2020 Campaign, Available Data, models and Data Analysis Resources

The information collected during 2020 has been completely organized. We
could say it is only partially analized in the sense that there’s many
kinds of information that we haven’t applied to any particular study and
therefore we haven’t processed/refined but every piece of information is
ready enough to allow any interested party to work on it.

As there are many points to mention, we’ve structured this article with
as many sections as possible, hoping you can go directly to the bits
that are interesting for you.

If you have a particular need that you believe we might help you with,
don’t hesitate to reach.
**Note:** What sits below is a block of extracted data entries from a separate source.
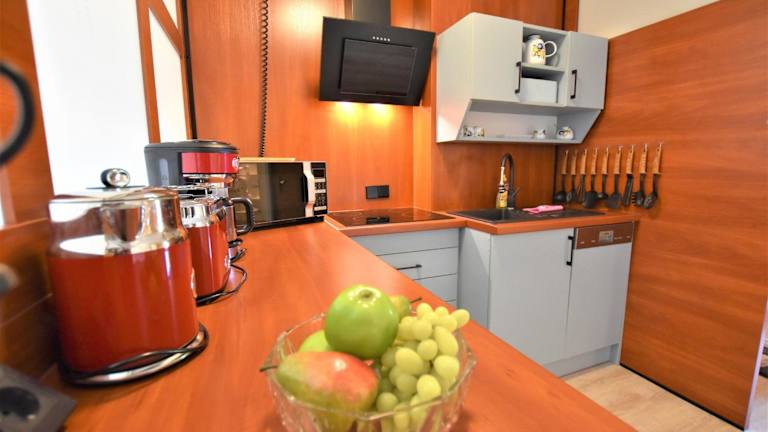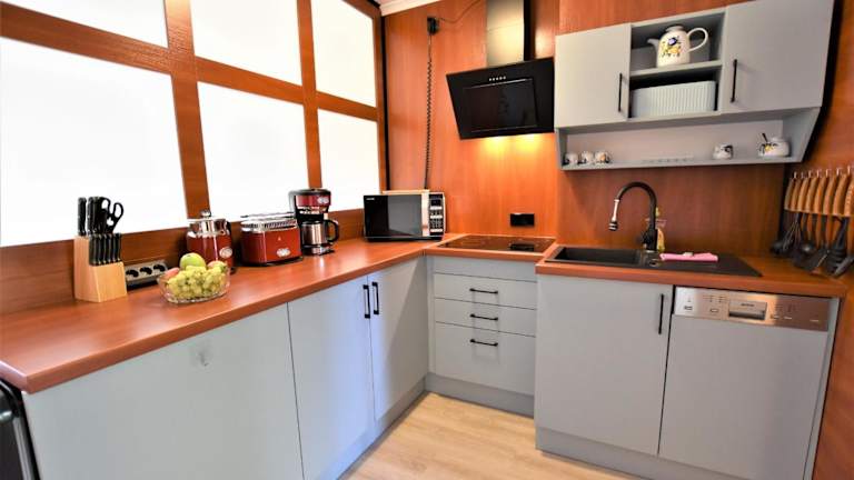 Die Unterkunft bietet eine voll ausgestattete Küche mit Kühlschrank und Geschirrspüler. Handtücher und Bettwäsche können gegen Aufpreis bereitgestellt werden.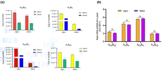 Quantities of ToLCNDV DNA-A and DNA-B under different agro/sap inoculations and their ratio in zucchini plants. Zucchini plants were inoculated with 4 different combinations (AESBES, AInBIn, AESBIn, and AInBES) and sampled at 28 dpi. Quantitative viral DNA (expressed in copies/μL) using a standard curve of samples via agro-inoculation (Agro) and mechanical transmission (Mech) for DNA-A and DNA-B (a) and the DNA-A/DNA-B ratio (b). The AC1 and BV1 genes were used to check for DNA-A and DNA-B, respectively. Values are means ± SD, ns indicates not significant.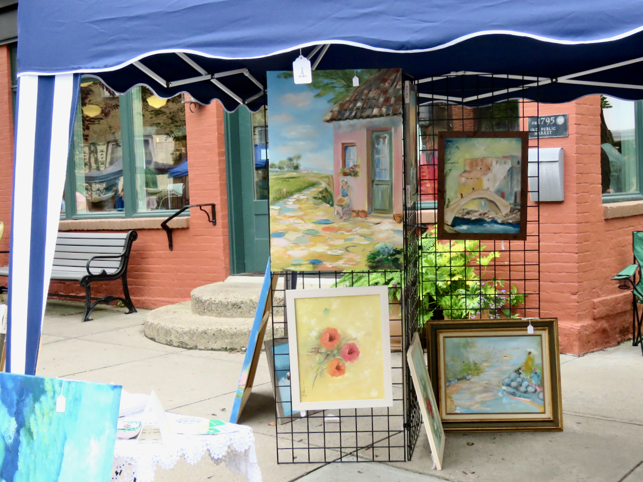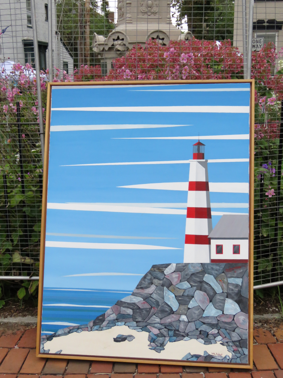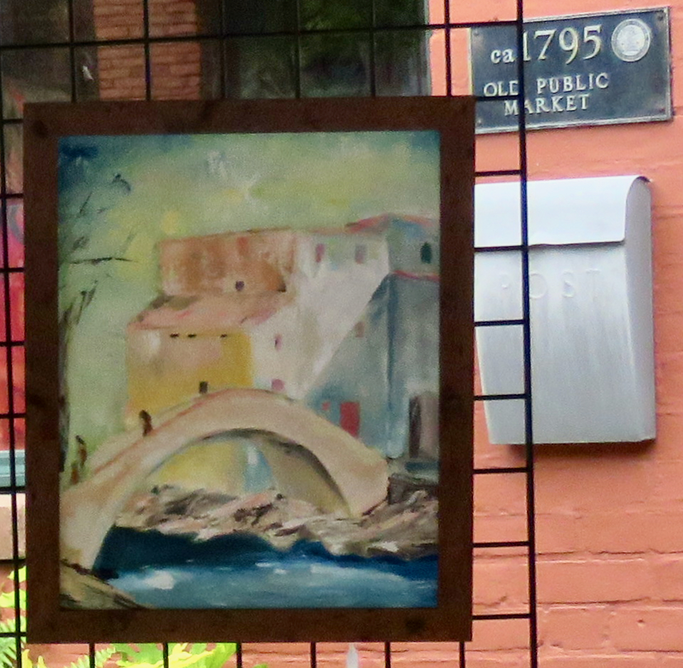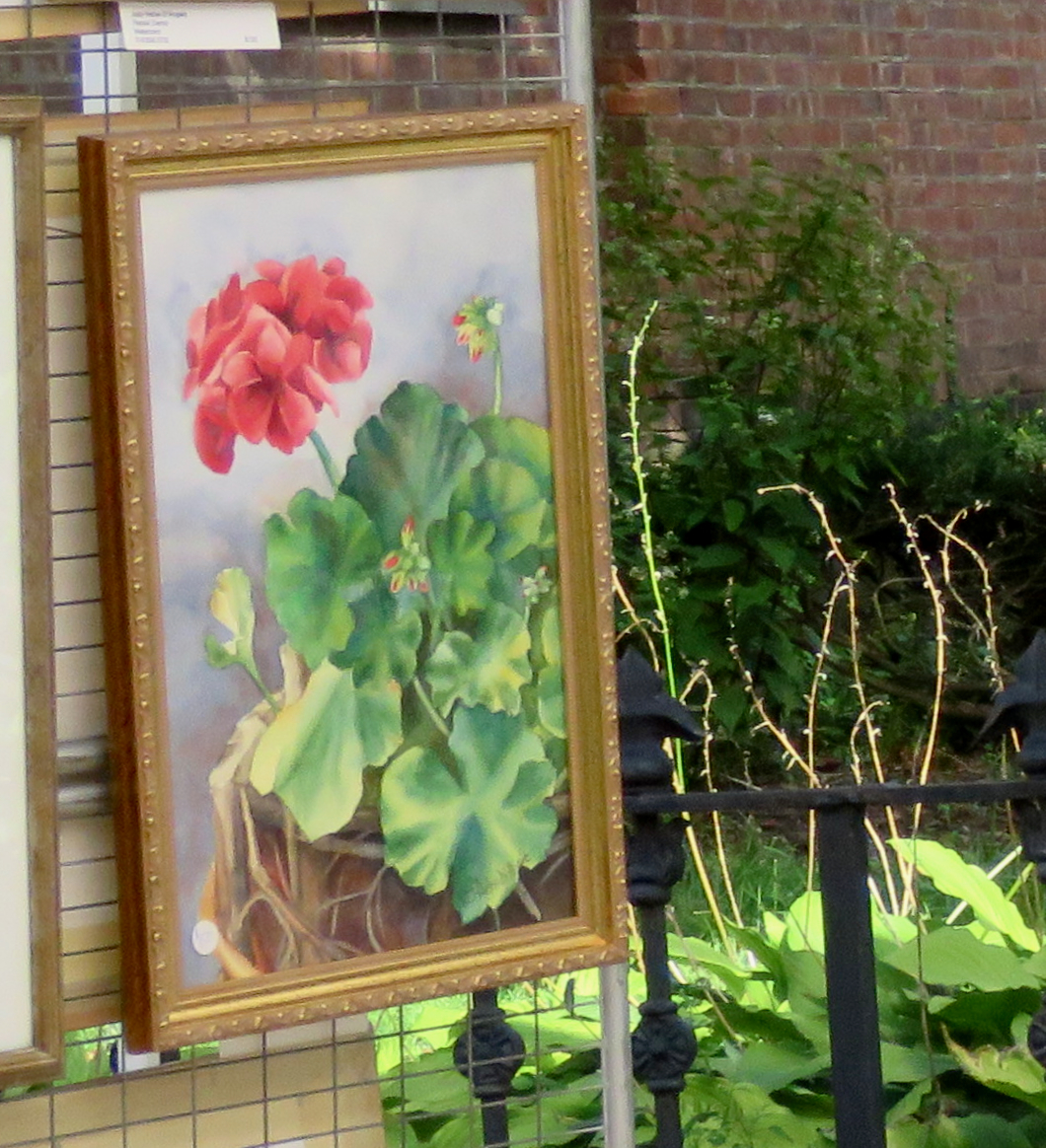 I’m glad I looked over toward Arthurs’ 1795 Market as I was leaving Green Street. I saw a display I had been missing: Pina Calabro’s warm-hearted face and exhibit. [This is the 3rd corner of Front and N. Ferry Streets that Pina has used at the Outdoor Art Show (2022; 2021). I hope she’ll claim it again next year, for its ambiance and centrality.]

We have many pieces of yet not published
material and source code we are working on.

Synthetic Description

The BI dataset is generated funadmentaly by analizing produce and soil
from collected on farms, and produce acquired from a variety of
commercial sources. It is as neutral and deep as possible, we want it to
be ready to sustain deep and comited research, to test hypothesis
amongst different enough groups of points, etc. We tried to sample from
sources as heterogeneous as possible and as representative as possible.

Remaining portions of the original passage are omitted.